About the Author

philipgraham

Philip Graham is the author of a collection of prose poems, The Vanishings (Release Press, 1978), listed as one of the best small press books of the year by Library Journal ; The Art of the Knock: Stories (William Morrow, 1985), listed as one of the ten best new works of fiction of the year by the San Francisco Chronicle ; Interior Design: Stories (Scribner, 1996); and the novel How to Read an Unwritten Language (Scribner, 1995; paperback, Warner Books 1997), nominated and longlisted for an International IMPAC Dublin Literary Award.

He is also the co-author (with Alma Gottlieb) of the memoir of Africa, Parallel Worlds (Crown/ Random House, 1993; paperback, University of Chicago Press 1994), which was the winner of the 1993 Victor Turner Prize and has been taught at over 300 colleges and universities internationally; a second volume, Braided Worlds (also co-authored with Alma Gottlieb), is forthcoming from University of Chicago Press in the fall of 2012. His most recent book, The Moon, Come to Earth: Dispatches from Lisbon (University of Chicago Press, 2009), is an expanded edition of his dispatches from Lisbon that appeared regularly on the McSweeney’s website. The book will be published in a Portuguese translation by Editorial Presença in February of 2012.

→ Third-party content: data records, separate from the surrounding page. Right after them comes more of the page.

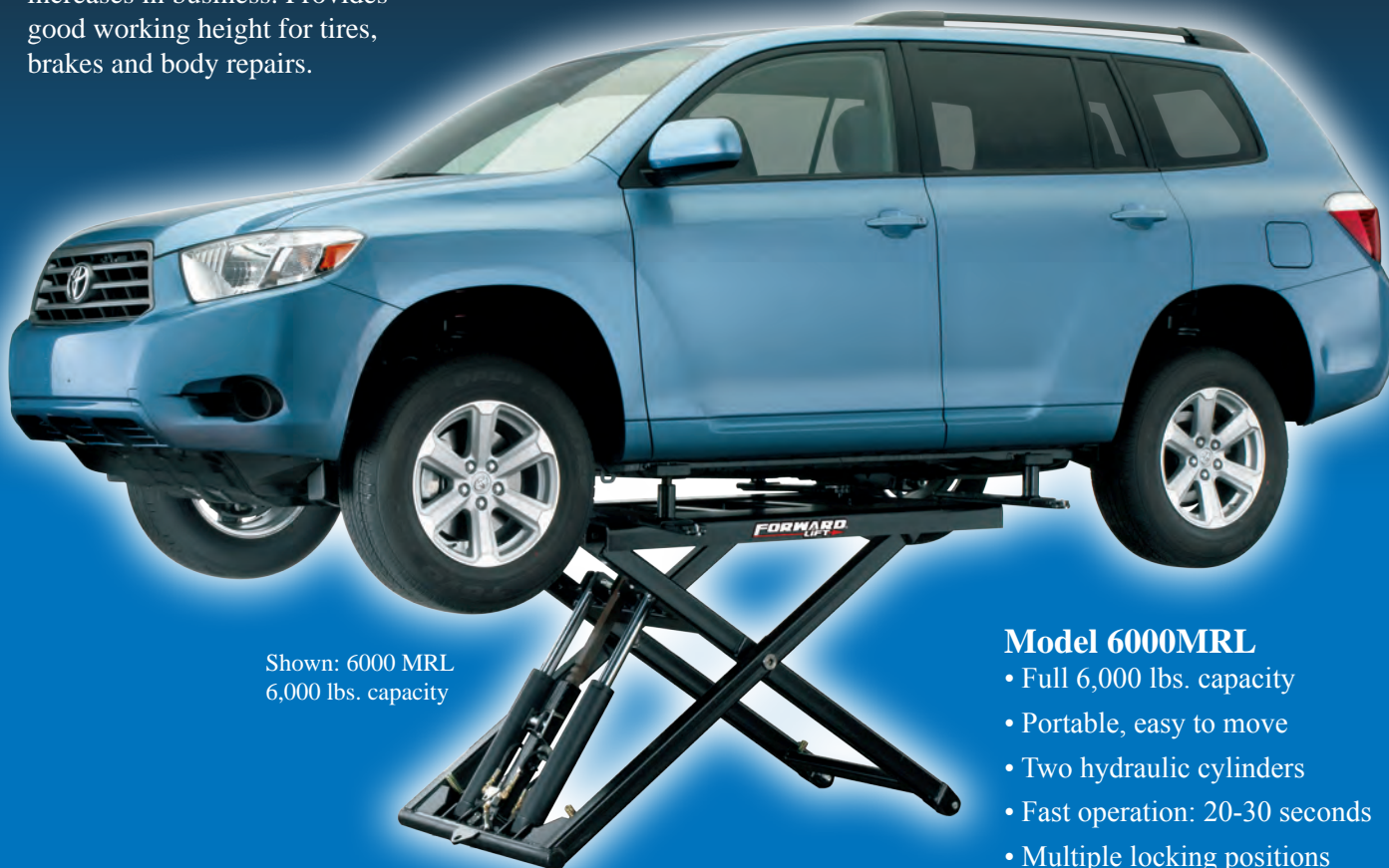
Shown: 6000 MRL 6,000 lbs. capacity

The mid-rise lift is an excellent choice for low ceilings or adding a bay for seasonal increases in business. Provides good working height for tires, brakes and body repairs.
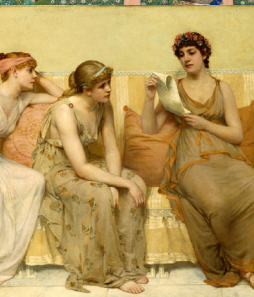
3 Liberal Arts Building 18600 Haggerty Rd Reading the Story of Oenone , Francis Davis Millet
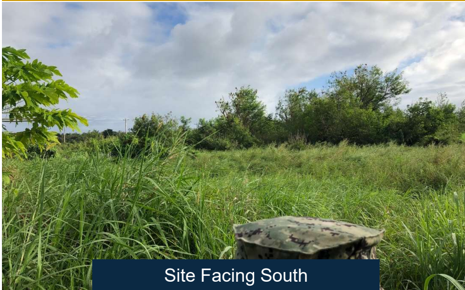
Site Facing South
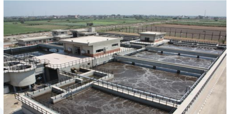
Waste Water Treatment [ETP/STP (1KLD-50KLD)]
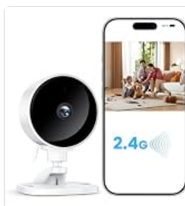
Image: WOLFANG WS03 camera with a smartphone indicating 2.4GHz Wi-Fi connectivity.
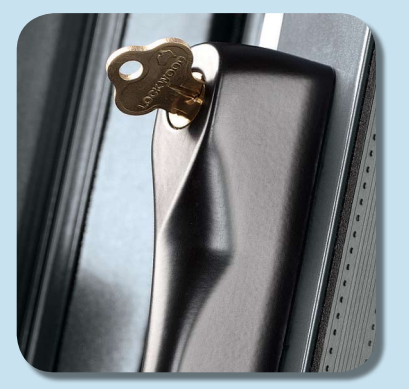
High quality ergonomic lock
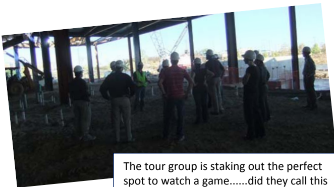
The tour group is staking out the perfect spot to watch a game.....did they call this the rowdy section?

The team of superintendents has their work cut out for them with an international soccer match already on the calendar. The schedule has driven creative project management with multiple subcontractors performing work on different levels, 2-shift work, and intense site coordination. With a design almost totally focused on the spectator experience, the tour group agreed that a return trip to see a game in the completed facility was in order. Watch the calendar in 2011 for a chance to compare the before photos to the real thing.

Graham’s fiction has been published in The New Yorker, North American Review, Carolina Quarterly, Fiction, The Washington Post Magazine, Missouri Review, Western Humanities Review, Crab Orchard Review, Los Angeles Review and elsewhere, and has been reprinted or translated in England, Germany, the Netherlands and India. His essays have appeared in the New York Times, Chicago Tribune, The Washington Post and Poets & Writers Magazine.

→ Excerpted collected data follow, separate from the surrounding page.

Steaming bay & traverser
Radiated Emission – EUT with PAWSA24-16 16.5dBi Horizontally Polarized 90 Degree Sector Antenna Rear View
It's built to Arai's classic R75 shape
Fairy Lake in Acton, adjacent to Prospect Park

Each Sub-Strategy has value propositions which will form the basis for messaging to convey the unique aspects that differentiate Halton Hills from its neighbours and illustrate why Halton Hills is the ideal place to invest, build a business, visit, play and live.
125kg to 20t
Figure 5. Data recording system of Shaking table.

His work has been anthologized in many collections, including The Norton Book of Ghost Stories (edited by Brad Leithauser), Turning Life into Fiction (edited by Robin Hemley), The Year’s Best in Fantasy and Horror (edited by Ellen Datlow and Terri Windling), and In the Middle of the Middle West: Literary Nonfiction from the Heartland (edited by Becky Bradway). An excerpt from the forthcoming Braided Worlds, “Mad to be Modern,” has just been published in the anthology Being There, edited by Sarah Davis and Melvin Konner, by Harvard University Press (2011).

His essays on the craft of writing have appeared in Rules of Thumb: 73 Authors Reveal Their Fiction Writing Fixations (edited by Michael Martone and Susan Neville), Words Overflown by Stars (edited by David Jauss), and Now Write! Nonfiction: Memoir, Journalism, and Creative Nonfiction Writing Exercises from Today’s Best Writers and Teachers (edited by Sherry Ellis). His essay “The Ant in the Water Droplet” will appear in The Field Guide to Writing Flash Nonfiction, edited by Dinty W. Moore (Rose Metal Press, 2012)

Graham is the recipient of a National Endowment for the Arts Creative Writing Fellowship, a grant from the National Endowment for the Humanities, two Illinois Arts Council grants, and the William Peden Prize in Fiction, as well as fellowship residencies at the MacDowell and Yaddo artist colonies. Graham teaches at the University of Illinois, Urbana-Champaign, where he is a co-founder of the literary/arts journal Ninth Letter (having served as the fiction editor for several years, he is currently the nonfiction editor), and is the recipient of three campus teaching awards. He also teaches in the Vermont College of Fine Arts MFA program in Writing.

Graham is currently completing a novel, Invisible Country (several chapters of which have appeared in literary magazines over the past decade), a novella (inspired by his volunteer work near Ground Zero in New York), a book on the craft of writing (based on his craft lectures on fiction and non-fiction at the Vermont College of Fine Arts), and an international anthology of short stories that feature dreams.